I see. Thanks, Alan.


2016-06-27 19:40:49

Mal

Another one I use is the degree sign for degrees Celsius (temperature). Press Alt+248


2016-06-26 09:33:58

Alan

Scott, Arial Unicode MS has 221A for square root, 221B for a cube root and 221C for a fourth root.


2016-02-08 12:45:27

Scott Renz

How do I get a 3 in the "v" of the "√" to make it a cube root radical?


2016-02-06 16:53:14

Gary Delp

I tried the macro using the Arial font. (and then scanning through all of the fonts on my machine.) As you suggested, I looked at the resulting custom format, and if the radical glyph is imaged as "R"
The the custom format is "RGeneral". Unfortunately, this does not display in the cell, nor does it display in the custom format popup.
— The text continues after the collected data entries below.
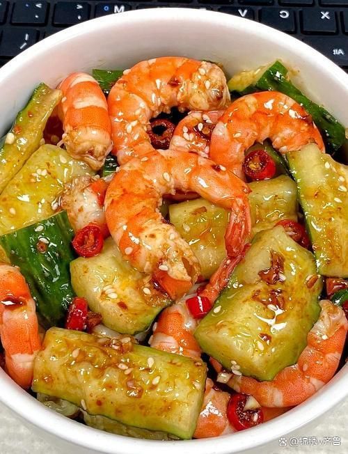 7. 拌勻裝盤:將所有食材拌勻,確保蝦仁和黃瓜充分吸收調(diào)味料,最后可以撒上切好的紅椒條增加色彩,調(diào)味后可立即享用。
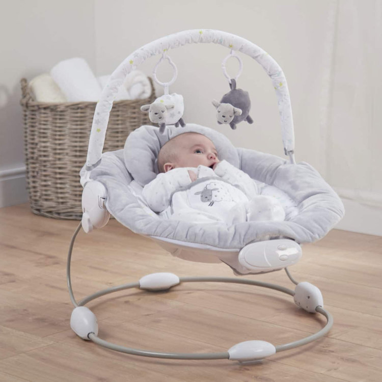 The Silvercloud Counting Sheep Bouncer provides a supportive, cosy place for baby to relax.
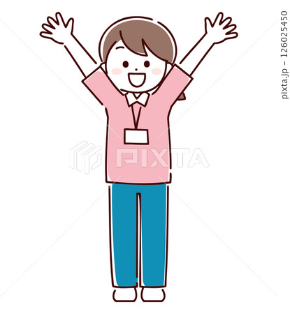 両手を広げているユニフォームを着た女性
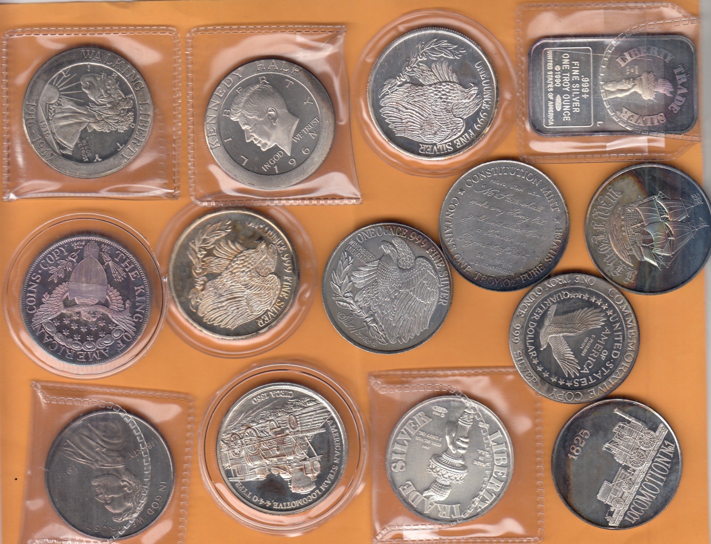 Lote 182: ESTADOS UNIDOS. Lote de 14 Medallas de una Onza de Plata con muy diversos diseños. Interesante.
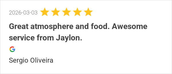 Great atmosphere and food. Awesome service from Jaylon.
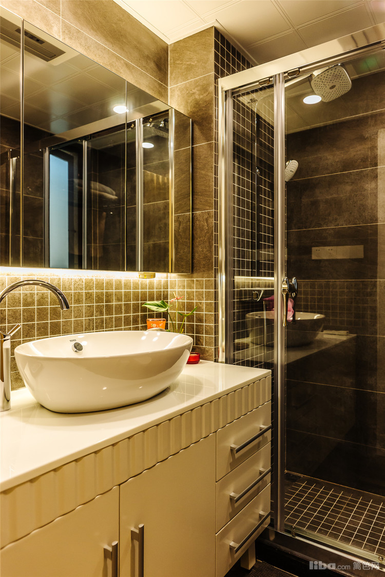 卫生间以深咖咖啡为主,采用整块横幅镜面,可以扩大视觉效果,洗脸盆是摆放式洗脸盆,简单大气。

It shows up in the custom format itself, but not in the cell. I also tried "R" General and other variations. Then I tried R@ and it worked. [remember in these examples R is the radical sign ChrW(8730) ]


2016-02-06 12:20:19

Willy Vanhaelen

Alt+251 doesn't work on my system but Excel provides a simple solution:

- Click on the Insert tab of the ribbon and select Symbol
- In the dialog that pops up, enter 221A in the 'Character code:' box
- Click [Insert]

If you need it again, you can simply select it from the 'Recently used symbols:' list.